(RECORDS FOR THIS TASK begins)

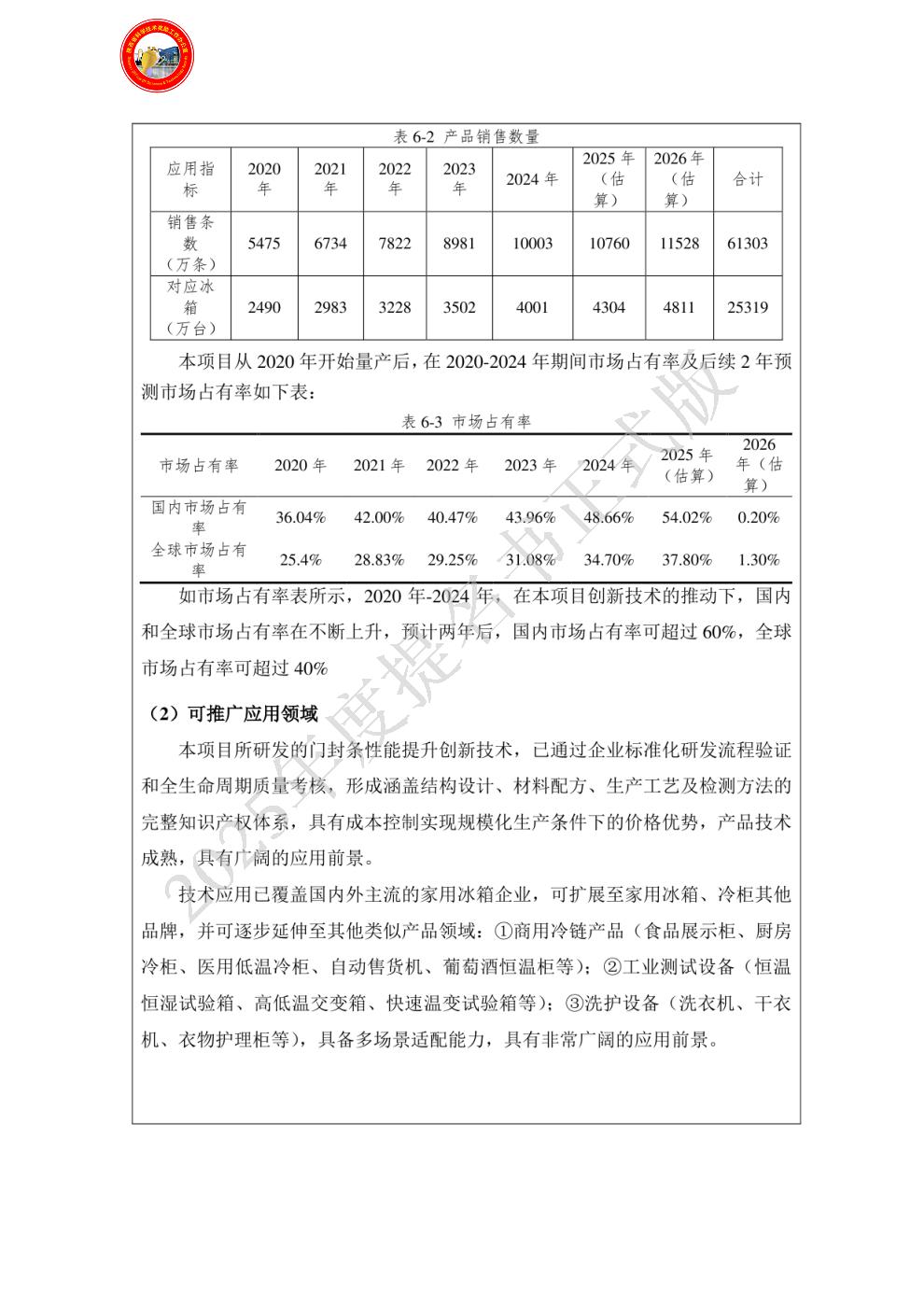 项目获授权发明专利13件,实用新型专利20项,发表论文20篇,主持制定行业标准1项。产品已规模化应用于国内外主流品牌冰箱,近五年实现销售收入26.29亿元,国内市场占有率超48%,稳居行业第一。
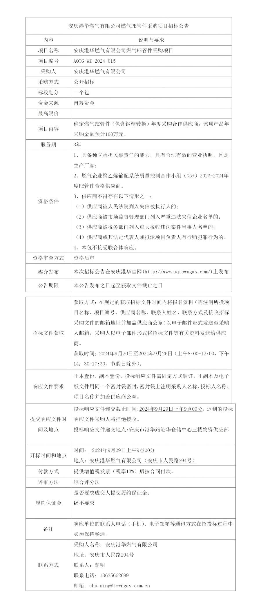 安慶港華燃氣有限公司燃氣PE管件采購項目招標公告
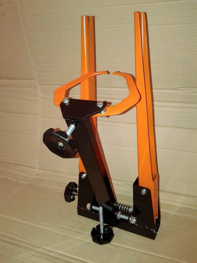 Станок для центровки колес. Обслуживаемый размер втулок до 200мм, диаметр колес от 16 до 29" +, можно устанавливать колесо не снимая покрышки, так же очень актуально для колес фэтбайков, калиперы расходятся очень широко, что позволяет установить покрышку до 4", соответственно так же и любую ширину обода. конструкция очень жесткая т.к станок выполнен из стали 3мм + широкий профиль деталей. люфты отсутствуют, регулировка плавная, что позволяет добиться хорошей точности. к столу станок можно прикрепить с помощью 2-х шурупов (в основании для них есть специальные места)
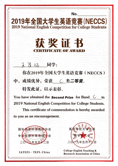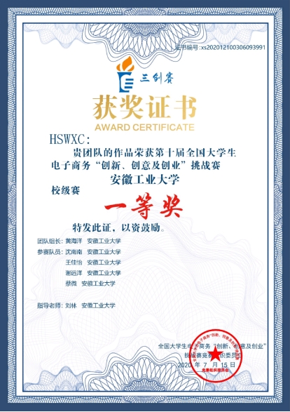 信息管理与信息系统专业2018级本科学生。前三学年综测排名专业第2,获得校一等奖学金2次,二等奖学金1次,校三好学生3次,英语四六级均530+,大学期间积极参与各项学科竞赛,并获得多项国家级、省级等奖项。以第一作者身份发表核心期刊论文1篇,以第一发明人身份获批实用新型专利1项。于2021年暑期共参加多所高校的暑期夏令营活动,并获得2所985、4所211高校“优秀营员”的荣誉称号,最终被华中科技大学拟录取。
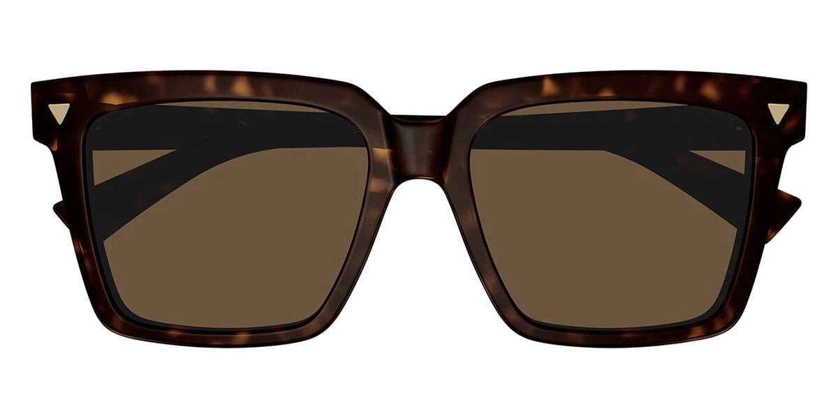 This square Bottega Veneta sunglass comes in a havana frame with brown lenses.
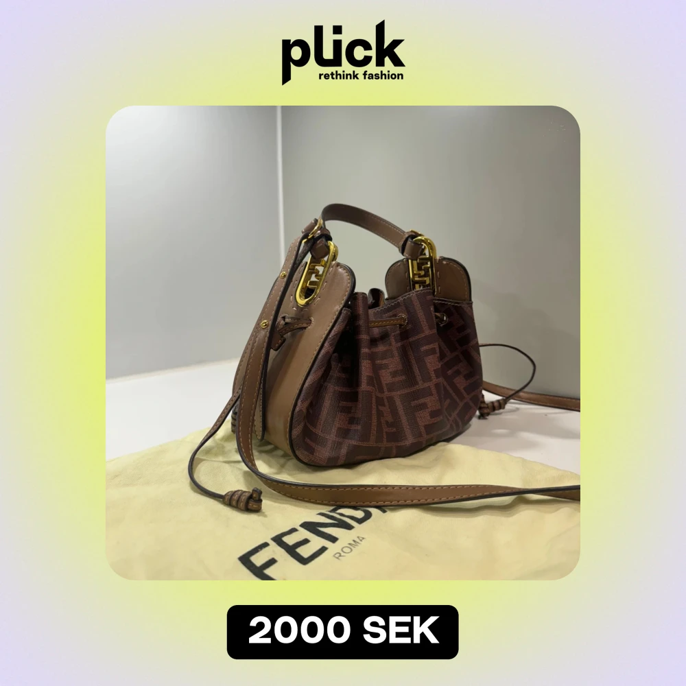 Säljer en superfin brun handväska från Fendi med deras ikoniska logotypmönster. Väskan har gulddetaljer och justerbar axelrem. Perfekt för både vardag och fest! 👜✨
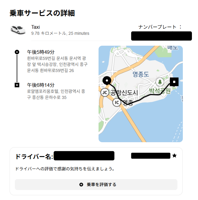 韓国のUberタクシーさんは
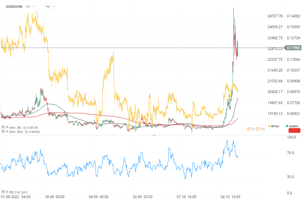 Kryptowaluta Dogecoin, jedno z najabardziej aktywnych i popularnych aktywów 'spekulacyjnych' rynku crypto w ciągu ostatnich 3 dni wzrosła o ponad 100% po tym jak Elon Musk sfinalizował ofertę przejęcia Twittera:
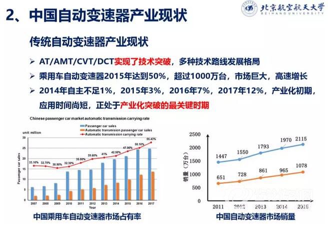 第二,目前,乘用車自動變速器市場呈高速增長,有代表性的數據是2015年達到50%市場份額,超過1000萬臺,市場巨大。

(RECORDS FOR THIS TASK ends)

▶ TRY IT: Output the span from the line with "Säljer en superfin" through the last line of the data, inclusive and exact, and omit every picture.

▶ OUTPUT BELOW:
 Säljer en superfin brun handväska från Fendi med deras ikoniska logotypmönster. Väskan har gulddetaljer och justerbar axelrem. Perfekt för både vardag och fest! 👜✨
 韓国のUberタクシーさんは
 Kryptowaluta Dogecoin, jedno z najabardziej aktywnych i popularnych aktywów 'spekulacyjnych' rynku crypto w ciągu ostatnich 3 dni wzrosła o ponad 100% po tym jak Elon Musk sfinalizował ofertę przejęcia Twittera:
 第二,目前,乘用車自動變速器市場呈高速增長,有代表性的數據是2015年達到50%市場份額,超過1000萬臺,市場巨大。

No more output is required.